Im so sorry. Cancer sucks. My MIL passed from a brain tumor.. 50 weeks of roller coaster emotions and heartbreak. Im so sorry your family is going thru this... BIG HUG. 

Why cant your son see her? Can you arrange for them to see one other? I think it would be cathartic for both? No? I would stay away from saying shes "sick" since everyone gets sick.. But other then that, all I can say is maybe the library may have some books for kids to help explain? 

Hospice came in to talk with my neices and nephews who were 3,5,6,8, 10 ( my 2 SILs kids) maybe u can figure something like that out? 

HUG. 

 

EthansMomma2010
by on Dec. 16, 2013 at 9:40 PM

 thank you. i just feel so bad for him. my mil is a psycho who is not allowed in our house, i have no fil. this poor kid is gonna have no grandparents. how sucky is that?

Quoting Momof4AEMW:

I have no suggestions, just I'm sorry.  I'm sorry you are going to have to figure this out for your son, and I'm sorry you're parents are dying.  Cancer is no fun.  Hugs. 

 

EthansMomma2010
by on Dec. 16, 2013 at 9:40 PM

 tfs. i'm sorry for you loss.

Quoting Jenibob:

I went through this last year.  My kids lost my mom, who was my son's #1 buddy.  For us, I didn't share her illness, explaination of cancer, etc.  He visited her when she felt well and didn't when she felt poor.  One of my most favorite memories is when he put on her wig, she roared with laughter and he never knew she wore a wig because she lost her hair.  It was so innocent and positive.  I think he sensed Grandma had a serious illness but we didn't talk about it in depth.  He definitely was not at the hospital her last week, would have scared him and my mom would have never stood for that.  We kept it simple, "Grandma doesn't feel well."  When she passed it hurt him and we could talk about it.  There was a book that hospice provided us, it helped me prepare for telling my kids.  We talked about how Grandma went to where we can't see her anymore.  We talk about heaven however my son is very literal and I could see he was thinking this was somewhere he could visit now.  It was confusing for him.  We stick to discussions about memories, fun times, etc.  My only advice would be to keep it simple, the more simple the better.. Try not to talk about your parets illness in front of him.  It was such a horrible time.  I'm so sorry you are dealing with this, it sucks.   You and your family will be in my prayers.  Stay strong!

 

BDSMI
by on Dec. 16, 2013 at 10:00 PM

We made a picture book and put all our favorite pictures of grandma in there.  This way anytime he was sad or missed grandma he could pull out his book.  As he got older in little ways we explained why he could no longer see grandma bit by bit he understood why grandma never came home.  HUGS

jowen905
by Jan on Dec. 16, 2013 at 10:03 PM

 I'm so, so sorry about your parents.  You'll figure out the best way to tell him, but I know it will be hard.  My thoughts and prayers are with you right now.  Hugs.

EthansMomma2010
by on Dec. 16, 2013 at 10:44 PM
Great idea!

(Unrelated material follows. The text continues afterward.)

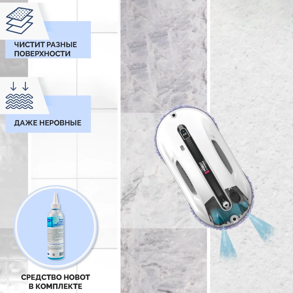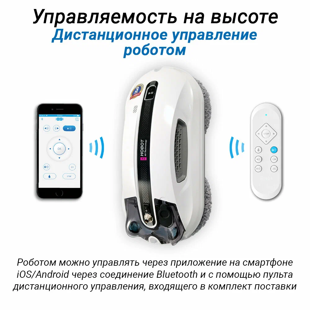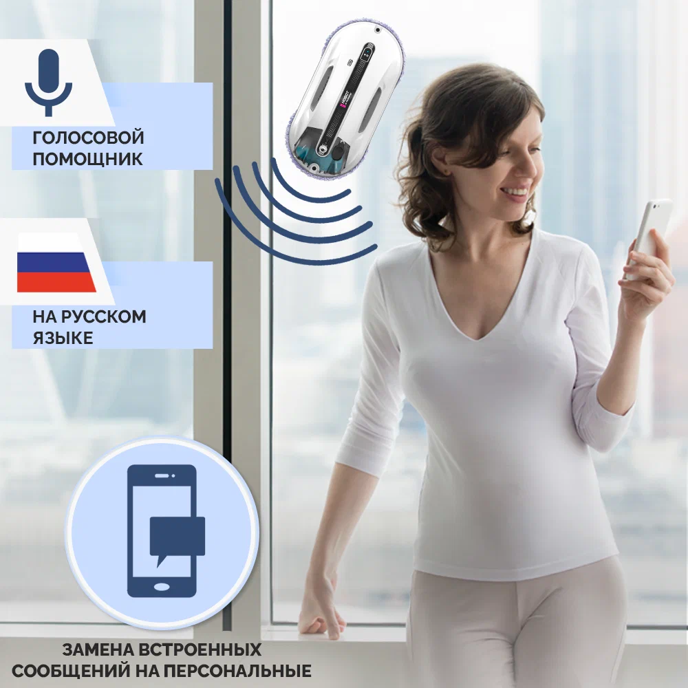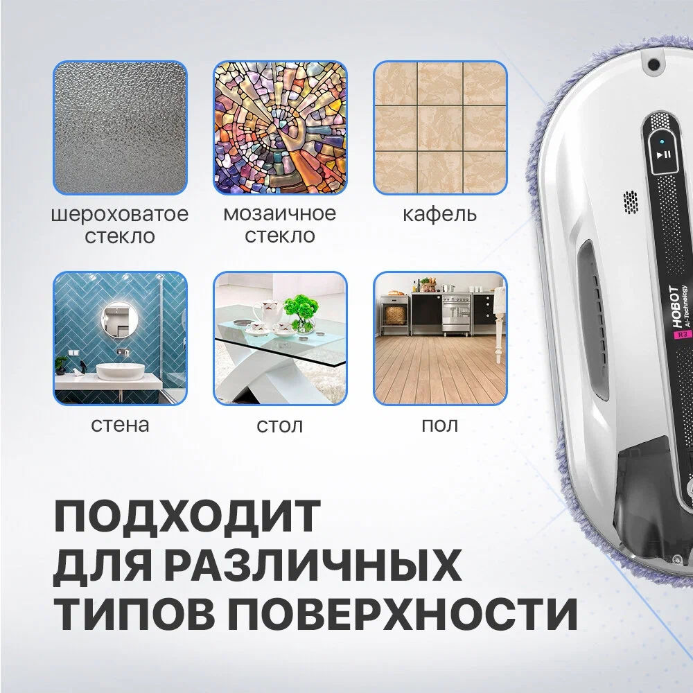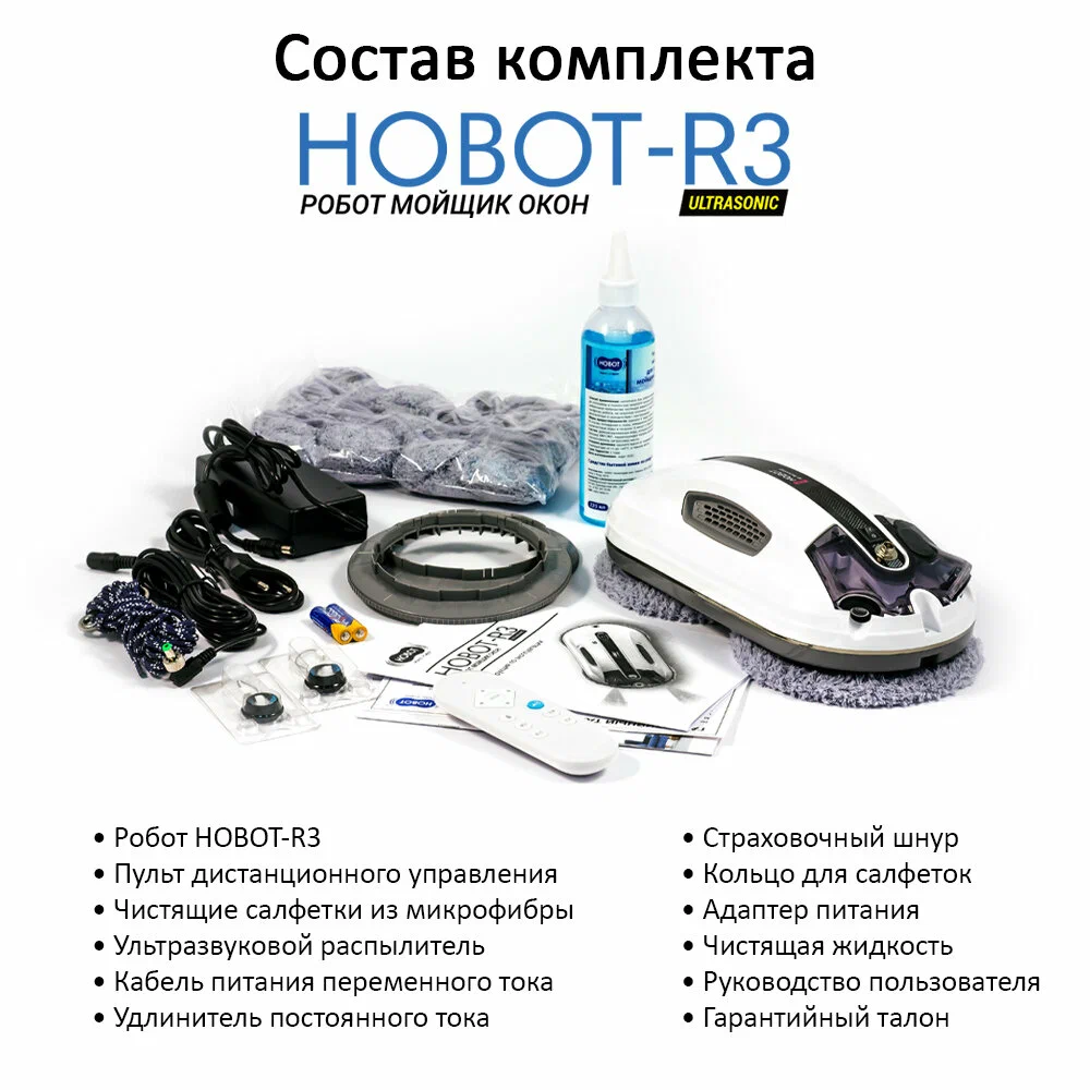 Робот-мойщик Hobot R3 Мощь, производительность и интеллект в стильном корпусе Система двойного ультразвукового распыления. Разработан с учетом коэффициента трения Превосходное сцепление благодаря предварительному распылению Пульт дистанционного управления и управление через смартфон Голосовые оповещения Creative Voice: запись голосовых сообщений Планирование маршрута на основе технологии ИИ для идеальной уборки Предназначен для очистки стекла любой толщины Новое в привычной форме Робот-мойщик окон Hobot-R3 кажется удивительно знакомым за счет своего знакомого очень стильного корпуса в приятном белом цвете. И все же перед вами полностью обновленный гаджет. У него еще более совершенная система распыления жидкости, более объемный, на 40 мл, резервуар для нее. Два встроенных сопла распыляют жидкость в две противоположные стороны. Такое решение способствует повышению качества уборки, а также помогает устройству надежнее крепиться к поверхности. Еще одно новшество заключается в системе изменяемых голосовых оповещений. Это значит, что владелец может сам настраивать и записывать звуковые оповещения по своему вкусу. Hrobot R3 - это сочетание удобных решений, мощного двигателя, практичных салфеток из микрофибры, надежных материалов, используемых в его конструкции. Передовые решения в виде обновленного программного обеспечения и интуитивно понятной системы управления превращают ваш Hobot-R3 в незаменимого помощника по уборке квартиры или загородного дома. Высокая степень очистки Двойное распыление жидкости Робот оборудован ультразвуковой системой, распыляющей микрочастицы небольшой плотности в две стороны. Это позволяет выполнять качественную очистку поверхностей без разводов и пятен. При этом точно контролируется расход моющего средства, чтобы использовать его экономно, но эффективно. Мощный двигатель Бесщеточный двигатель Nidec придает роботу-мойщику Hobot-R3 больше мощности. За счет этого обеспечивается надежное крепление устройства к поверхностям и качественная их очистка. При этом работа двигателя практически бесшумная, а сам он обладает долгим сроком службы. Высокая скорость очистки Мощный двигатель и вакуумный насос позволяют пылесосу достаточно быстро очищать окна и другие поверхности. Но при этом устройство остается надежно закрепленным на обрабатываемой плоскости. Запись звуковых оповещений У вас есть возможность настроить робота-мойщика по своему усмотрению. Для этого используйте функцию Creative Voice в фирменном мобильном приложении Hobot. Она предназначена для записи любых звуков и использования их вместо стандартных оповещений. Вы можете записать голосовое сообщения от своего лица или же заменить его на любой звуковой сигнал. Если вы хотите отключить звуковые сообщения, просто сделайте это с помощью приложения. Стильный вид Знакомый дизайн нового робота в приятном белом цвете завораживает своими плавными линиями, качественными современными материалами и общей стильностью корпуса и всех деталей на нем. Удобная форма Наряду с классным стилем у робота-мойщика Hobot R3 присутствует эргономичность и удобное расположение всех кнопок и креплений. Все настолько продумано, что вам будет легко всем этим пользоваться. Кнопки легко нажать и зафиксировать. В руке мойщик лежит очень удобно и надежно. Включение 1 кнопкой Чтобы запус

I need to raid my moms pics for this. We dont have tons since we just moved back in june but I'm sure we can find enough for a small book.

Quoting BDSMI:

We made a picture book and put all our favorite pictures of grandma in there.  This way anytime he was sad or missed grandma he could pull out his book.  As he got older in little ways we explained why he could no longer see grandma bit by bit he understood why grandma never came home.  HUGS

EthansMomma2010
by on Dec. 16, 2013 at 10:45 PM
Thank you

Quoting jowen905:

 I'm so, so sorry about your parents.  You'll figure out the best way to tell him, but I know it will be hard.  My thoughts and prayers are with you right now.  Hugs.